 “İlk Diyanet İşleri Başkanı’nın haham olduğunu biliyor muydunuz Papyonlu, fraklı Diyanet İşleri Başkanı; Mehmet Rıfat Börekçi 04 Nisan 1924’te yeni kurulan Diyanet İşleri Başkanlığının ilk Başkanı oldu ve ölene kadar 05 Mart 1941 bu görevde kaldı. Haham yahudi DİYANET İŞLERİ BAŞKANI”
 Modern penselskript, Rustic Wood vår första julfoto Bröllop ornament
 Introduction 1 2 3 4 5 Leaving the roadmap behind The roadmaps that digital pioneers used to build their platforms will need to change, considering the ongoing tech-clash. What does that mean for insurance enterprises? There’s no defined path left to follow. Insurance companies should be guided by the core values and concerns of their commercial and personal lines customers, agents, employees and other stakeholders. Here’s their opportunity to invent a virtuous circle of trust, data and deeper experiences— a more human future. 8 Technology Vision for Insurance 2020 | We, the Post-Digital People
...
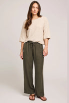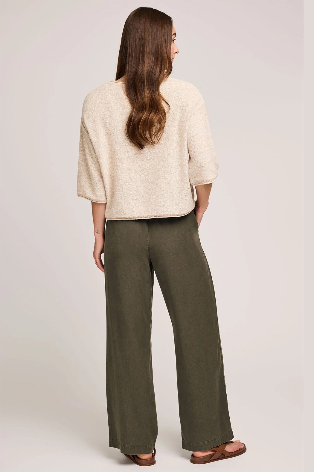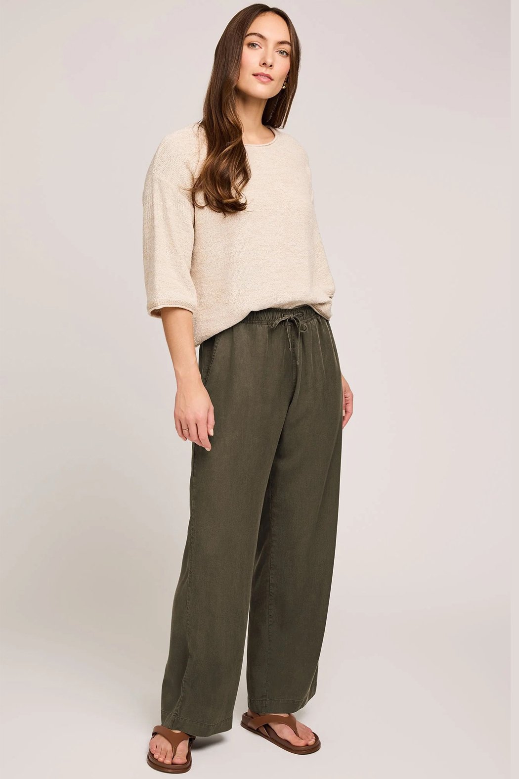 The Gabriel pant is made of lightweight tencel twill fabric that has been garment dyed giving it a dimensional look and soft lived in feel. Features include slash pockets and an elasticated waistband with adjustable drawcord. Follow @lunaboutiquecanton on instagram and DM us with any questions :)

## Aim of the exercise
In the listing above, locate the line containing "Diyanet İşleri Başkanı’nın" and the line containing "Modern penselskript, Rustic". Transcribe those two lines and everything between them, exactly as written.

## Written solution
 “İlk Diyanet İşleri Başkanı’nın haham olduğunu biliyor muydunuz Papyonlu, fraklı Diyanet İşleri Başkanı; Mehmet Rıfat Börekçi 04 Nisan 1924’te yeni kurulan Diyanet İşleri Başkanlığının ilk Başkanı oldu ve ölene kadar 05 Mart 1941 bu görevde kaldı. Haham yahudi DİYANET İŞLERİ BAŞKANI”
 Modern penselskript, Rustic Wood vår första julfoto Bröllop ornament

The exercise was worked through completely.